Amato non è certo l'unico a muoversi in un territorio di confine. Anzi, si potrebbe dire che da quando esiste il verso libero - cioè da quando non c'è più la necessità di rispettare precise regole formali affinché il lettore ascriva senza tentennamenti un testo al dominio della poesia - gran parte di essa abita un territorio di confine. Ma Amato ci abita a modo suo, perché lui, oltretutto, fa un uso molto attento della metrica, della scansione del verso, degli accenti. Eppure tende inequivocabilmente verso la prosa, nel senso - forse - che indicava, diversi anni fa, Giorgio Manacorda, sia pure non parlando di Amato, allora ancora inedito (non so se, in seguito, Manacorda lo abbia mai letto):
Ci interessa...una poesia che "vada verso la prosa", nel senso che non punti solo a enunciare sconnessi picchi di più o meno luminose metaforicità o a dimostrare l'impronunciabilità del mondo, ma vada verso il mondo, ne sia una delle espressioni più significative: parli della vita e del soggetto che la vive e quindi la esprima a partire dalle proprie esperienze, non disincarnandosi in astratte "correlazioni oggettive", siano esse mistiche o linguistiche. Non ne possiamo più del Nulla e dei suoi sacerdoti: sul finire del secolo bisogna ripensare la poesia e la sua storia...L'importante non è che la poesia sia narrativa, ma che, dentro, ci sia la prosa della vita o, se volete, addirittura, la prosa della poesia. L'importante è che la poesia non voglia essere solo poesia. L'importante è che ci sia l'onesta volontà a essere qualcos'altro che poesia, come ebbe a scrivere Pier Paolo Pasolini3
Manacorda descriveva un territorio, indicava un sentire comune a poeti molto diversi tra loro ma che alla fine potevano essere ricondotti ad una stessa tradizione, essendo tutti eredi della latinità, di Orazio in particolare: "Guido Gozzano, Umberto Saba, Bertolt Brecht, Sandro Penna, Wystan H. Auden, Pier Paolo Pasolini, l'ultimo Montale, il primo Pagliarani e, per calare di generazione, Patrizia Cavalli e Renzo Paris."4 A questa pattuglia di poeti in cammino verso la prosa potremmo aggiungere Amato, ultimo solo in ordine di apparizione. E sottolineerei, comunque, che la sua è una poesia effettivamente narrativa, cioè che contiene in sé elementi di racconto, e al tempo stesso fortemente concentrata, semanticamente densa. Per cui, come dicevo all'inizio, davvero non ho dubbi che la poesia, in generale, sia questa. Ma i dubbi mi vengono immediatamente dopo, se passo ai versi di qualche autore vivente acclamato, riconosciuto come poeta. C'è qualcosa di radicalmente diverso in Amato, qualcosa che stride con ciò che siamo abituati a considerare poesia, da farmi oscillare di continuo tra due pensieri opposti: quello di aver capito tutto e quello di non aver capito niente. La verità sta nel mezzo? Non credo. La verità sta nel fatto che la "scrittura" di Amato (abolisco provvisoriamente la definizione di genere) è fatta di contraddizioni, ne è intessuta, imbevuta fino al midollo. E' contraddizione in forma di parola. Forse per questo anch'io oscillo nel parlarne. I due poli opposti convivono senza potersi eliminare: prosa e poesia, narrazione e lirismo, chiarezza quotidiana e densità notturna della parola.
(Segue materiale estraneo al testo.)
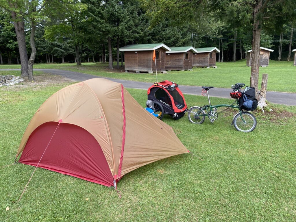 1泊目は旭川の神楽岡公園少年キャンプ村にて。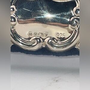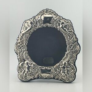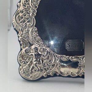 Showcase your favorite photograph with this sterling silver angelic scrolled photo frame with a velvet finish back. Signed RC, Lion (92.5% silver content) Passant Hallmark of an English Rose which indicates The frame was made in Sheffield and the “ V” Is significant in which indicates the frame was made in 1995. Great gift or a lovely addition to your collection.

Leggendo le recensioni uscite in questi anni - e in questi mesi - ai due libri di Roberto Amato, ci si accorge che ormai alcune cose, alcune caratteristiche della sua poesia, sono date per assunte. Innanzitutto - già lo dicevo - la narratività, il fatto che quella di Amato sia una poesia che racconta e che i suoi libri mimano, in un certo senso, i romanzi. L'io poetico è anche un io narrante, ci sono dei personaggi che si imprimono nella memoria, i libri sono divisi in capitoli, in sezioni incentrate ognuna su uno di questi personaggi o comunque su una determinata situazione narrativa o ambientale. Nell'Agenzia di viaggi (il suo secondo libro, Diabasis, 2006), per esempio, c'è tutta una serie di figure tratte dal quotidiano ma con caratteri così spiccati e così eccentrici da diventare eroi da epopea tragicomica. C'è l'ascoltatore di musica in vinile, il cuoco dei defunti, il profumiere itinerante, il padre che si crede una capra, Nedo il brucatore di gerani, Elsa la vicina di casa panciuta e popputa..., sono personaggi che - come dicevo - si imprimono davvero nella memoria come personaggi romanzeschi. Però, a differenza di un romanzo manca una ordinata sequenza cronologica degli eventi, non c'è una concatenazione logica, un orientamento causale. Non è nemmeno una "poesia-racconto" di ascendenza pavesiana, più distesa, quella, più discorsiva, cadenzata in versi lunghi e piani; non lo è anche perché è diversa la prospettiva storica, in Amato non c'è niente dello "sperimentalismo realistico" (Sanguineti) di Pavese, ultimo esito della poetica neorealistica. Ma c'è comunque lo sforzo di ricostruire un contesto, anzi un vero e proprio mondo.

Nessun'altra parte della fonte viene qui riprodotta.